We are more persuaded by the lack of evidence of an affirmative act on the part of K-C. K-C indicates, and First Quality admits (Pls.' Br. In Opp'n at 8), that there was no communication between the parties prior to the commencement of this action. In support of its position, First Quality submitted declarations of Susan O'Connell, director of product development for First Quality Baby Products, LLC, and Anthony Silwanowicz, director of product development for First Quality Products, Inc. However, these declarations do not evidence any communication between the parties prior to litigation, they do not indicate any threats on the part of K-C prior to First Quality bringing suit or show that K-C was even aware of First Quality's products prior to this litigation. First Quality downplays this lack of evidence by arguing that K-C's litigation against other companies shows a real and immediate threat of future injury. This fact cannot be ignored, and evidences a willingness on the part of K-C to enforce its patents through infringement actions. However, we believe this one fact alone, without more, does not indicate a "definite and concrete" dispute that is "real and substantial," See MedImmune, 549 U.S. at 127, or a "real and immediate injury or threat of future injury" caused by K-C at the time of filing. Prasco, 537 F.3d at 1339.

D. Supplemental Pleading

Because First Quality's Amended Complaint included allegations concerning events that happened after it filed its first complaint, it is a supplemental complaint, not an "amended complaint." See Fed. R. Civ. Pro. 15(d)("On motion and reasonable notice, the court may, on just terms, permit a party to serve a supplemental pleading setting out any transaction, occurrence, or event that happened after the date of the pleading to be supplemented.); See also Prasco, 537 F.3d at 1337. While the Supreme Court has "confirmed that supplemental pleadings can be used to cure subject matter jurisdiction deficiencies..., later events may not create jurisdiction where none existed at the time of filing." Prasco, 537 F.3d at 1337 (citations omitted). We are required to grant leave to amend before dismissing a complaint that is merely deficient. ORG, 513 F.Supp.2d at 152. However, dismissal without leave to amend is justified on grounds of "bad faith, undue delay, prejudice or futility." Alston v. Parker, 363 F.3d 229, 236 (3d Cir. 2004).

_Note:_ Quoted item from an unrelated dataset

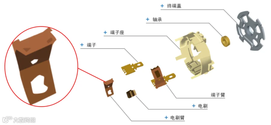 电刷臂是小型马达(也称为小型电动机)中的一个关键组件,它主要负责将电能从电源传递到电动机的转动部分(即转子),从而驱动电动机的旋转,通常需要一定的导电、导热以及抗应力松弛性能,并且还需要有较高的的强度。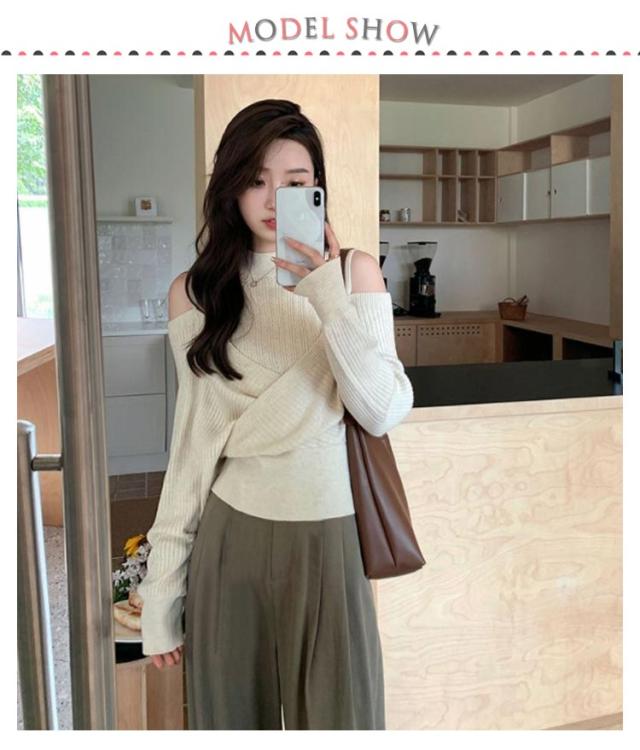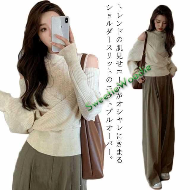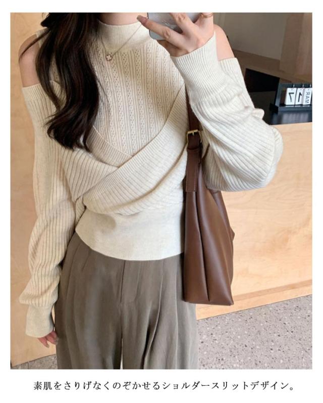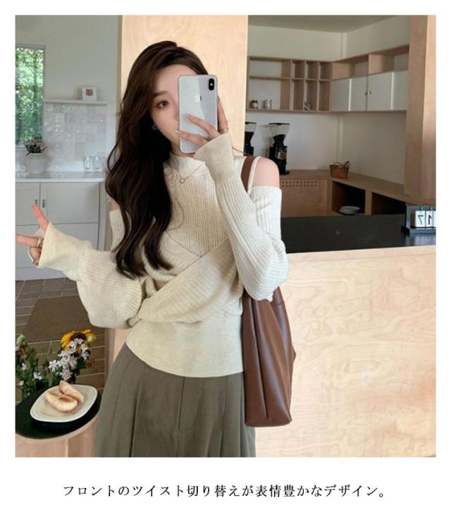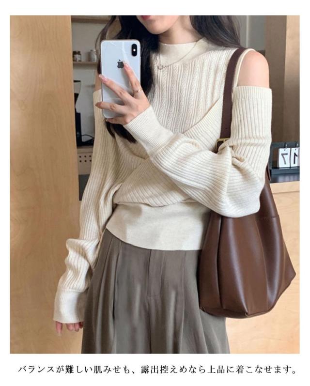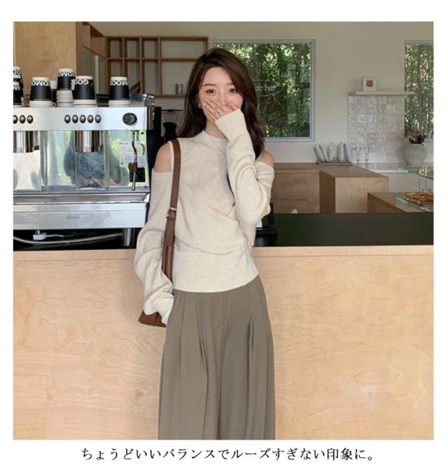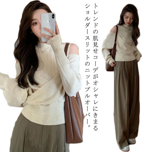 ニット セーター レディース ニットセーター 長袖 トップス 秋 肩あきニット 薄手 リブ リブニット 肩開き 肩見せ タートルネック ストレッチ シンプル ゆったり 無地 大人 かわいい きれいめ カジュアル 韓国 通勤 通学

Here, it would be futile for First Quality to amend its complaint. Facing a factual attack, First Quality was permitted to adduce evidence to show that jurisdiction was proper, but it has failed to meet its burden. We conclude it would be futile to allow First Quality to amend its complaint. Inasmuch as we are dismissing its complaint, First Quality's attempt to supplement is moot.

IV. Conclusion

We conclude that First Quality failed to meet its burden of proof demonstrating that an actual controversy existed at the time it initiated this declaratory judgment action, and we will grant Defendant's motion to dismiss for lack of subject matter jurisdiction.


AND NOW, this 15th day of June, 2009, upon consideration of the Defendant's motion to dismiss for lack of subject matter jurisdiction (doc. 12), and pursuant to the accompanying Memorandum, it is ordered that:

1. Defendant's motion to dismiss for lack of subject matter jurisdiction is granted.

2. Plaintiff's motion for leave to file a supplemental pleading (doc. 20) is dismissed as moot.

3. Defendant's motion to dismiss Plaintiff's amended complaint (doc. 16) is dismissed as moot.

4. The Clerk of Court shall close this file.